If several successive blocks must be used, just wrap successively each block one by one with the resulting intermediary PipelineWrapper.
Warning
This architecture is not designed for trainable blocks, but rather for robotic-oriented controllers and observers, such as PID controllers, inverse kinematics, Model Predictive Control (MPC), sensor fusion… It is recommended to add the controllers and observers into the policy itself if they have to be trainable.
- Parameters
kwargs (Any) – Extra keyword arguments for multiple inheritance.

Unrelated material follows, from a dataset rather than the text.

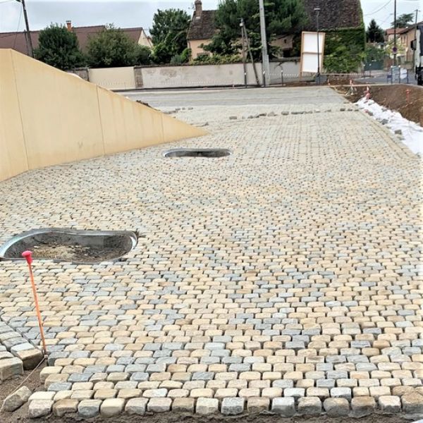 Ainsi près de 600 m² de pavés antiques ont été posé en chaînettes, c'est à dire en rangs alignés, joints croisés. La volonté des décideurs du projet est de réduire la circulation routière à un sens unique afin de sécuriser le site pour les entreprises intervenant sur la place et les rues adjacentes. >Les travaux ont débuté en Juillet 2019 pour s’achever en septembre 2019.

env (Union[gym.core.Wrapper, gym_jiminy.common.envs.env_generic.BaseJiminyEnv]) –
- Return type
None
- env: Union[gym.core.Wrapper, gym_jiminy.common.envs.env_generic.BaseJiminyEnv]¶
- stepper_state: jiminy.StepperState¶
- system_state: jiminy.SystemState¶
- sensors_data: jiminy.sensorsData¶
- _controller_handle(t, q, v, sensors_data, command)[source]¶
Thin wrapper around user-specified compute_command method.
Warning
This method is not supposed to be called manually nor overloaded.
- Parameters
t (float) –
q (numpy.ndarray) –
v (numpy.ndarray) –
sensors_data (jiminy_py.core.sensorsData) –
command (numpy.ndarray) –
- Return type
None
- _get_block_index()[source]¶
Get the index of the block. It corresponds the “deepness” of the block, namely how many blocks deriving from the same wrapper type than the current one are already wrapped in the environment.
- Return type
- get_observation()[source]¶
Get post-processed observation.
It performs a recursive shallow copy of the observation.
Warning
This method is not supposed to be called manually nor overloaded.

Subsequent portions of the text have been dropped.